"Bu kitapların hemen hemen hepsi kaderinizi değiştirebileceğiniz mesajını verirler. Sorunlara ve çaresizliğe karşı güçlü bir panzehir sunduklarını iddia ederler ama bu plasebo etkisinden başka bir şey değildir. Ne var ki tüm bu kitapların verdiği ilham ve motivasyonlar geçicidir, çünkü okuyucu bu genel ve tek tip tavsiyeleri kendi koşullarına uyarlamakta zorlanır ve sonuç hayal kırıklığı olur. Özetle; 'Evrenden istediği olmayınca', başladığı noktaya hatta bazen daha geriye döner." Böyle anlatıyor Psikoterapist Dr. Cem Keçe, kişisel gelişim kitaplarının vaatlerini ve bu alanda uygulanan türlü 'terapi'lerle insanların vardığı son noktayı. Gerçekten de, 1980'lerde dünyaya Amerika'dan yayılan kişisel gelişim akımları, başarı takıntısını, her şeyin 'en'i olma hayalini insanlara pompalayıp duruyor.

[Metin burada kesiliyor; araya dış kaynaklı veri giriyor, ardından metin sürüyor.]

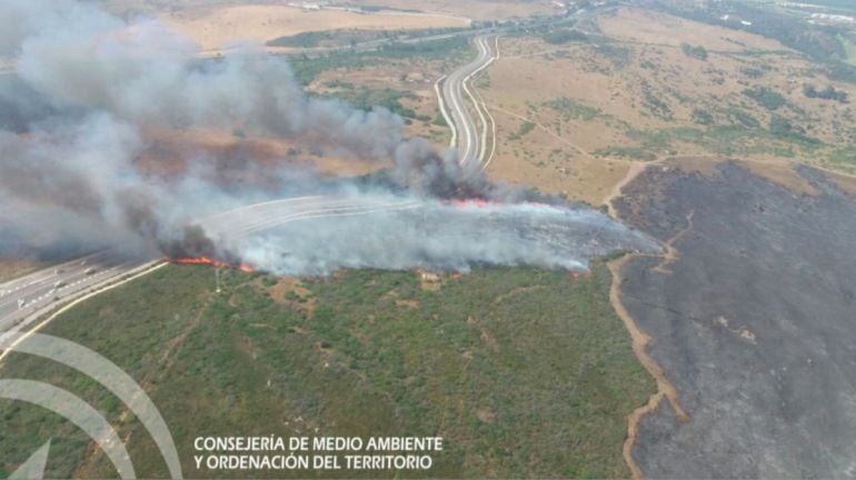 Efectivos del Plan de la Junta de Andalucía contra incendios forestales (Infoca) han informado este domingo de que se ha declarado un incendio forestal de pasto y matorral próximo a la zona de Santa Margarita, en la Línea de la Concepción
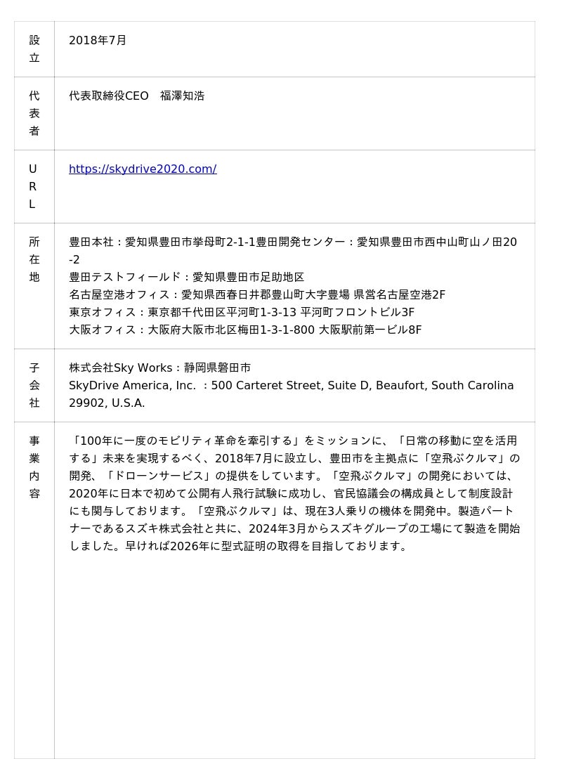 ≪株式会社SkyDrive 概要≫

Kişisel gelişimciler, biraz psikoloji ilminden, biraz kadim mistik öğretilerden cımbızladıkları satırlarla ve ayakları bir türlü yere basmayan 'terapi' adında uyguladıkları yöntemlerle altın çağını yaşıyor. Nefes terapileri, türlü türlü 'olumlama'lar, evrene mesaj göndermeler, reiki, çoğu ehil olmayan (işin kaynağına ulaşmak, yerinde öğrenmek o kadar kolay değil çünkü) sürüsüne bereket meditasyon ve yoga uzmanlarının huzur vaatleri... Ruh sağlığı uzmanları, hayatın katmanlı olduğunu söylüyor ve hayatta başarı kadar başarısızlığın, zafer kadar yenilginin de olduğunun altını çiziyor. İnsanlara 'iyi hissetmeleri' ve başarılı olmaları için, sürekli aşırı bir özgüven pompalayan kişisel gelişim akımlarını doğal bulmuyor hatta çoğu yönden zararlı görüyorlar. Hatta kişisel gelişime kafayı takmış, hayatı bu yüzden kabusa dönmüş pek çok hastanın kendilerine danıştığını anlatıyorlar. Elbette ki insanlara kendilerini daha iyi hissetmeleri için tavsiyelerde bulunmak, bir şeyler yazmak, anlatmak kötü değil. Ama iş ruh sağlığı olunca, işin uzmanları dururken kişisel gelişimden medet ummanın daha çok kafa karıştırdığını ifade ediyorlar. Peki, kişisel gelişimciler insanların hangi açıklarından istifade ediyor, insanları kişisel gelişim kitaplarına ve uygulamalarına neler yönlendiriyor? Nereye kadarı yararlı, nereden sonrası zararlı. "İnsanların, evrenden istedikleri olmayınca" neler oluyor ruh dünyalarında? Ruh sağlığı uzmanlarına sorduk...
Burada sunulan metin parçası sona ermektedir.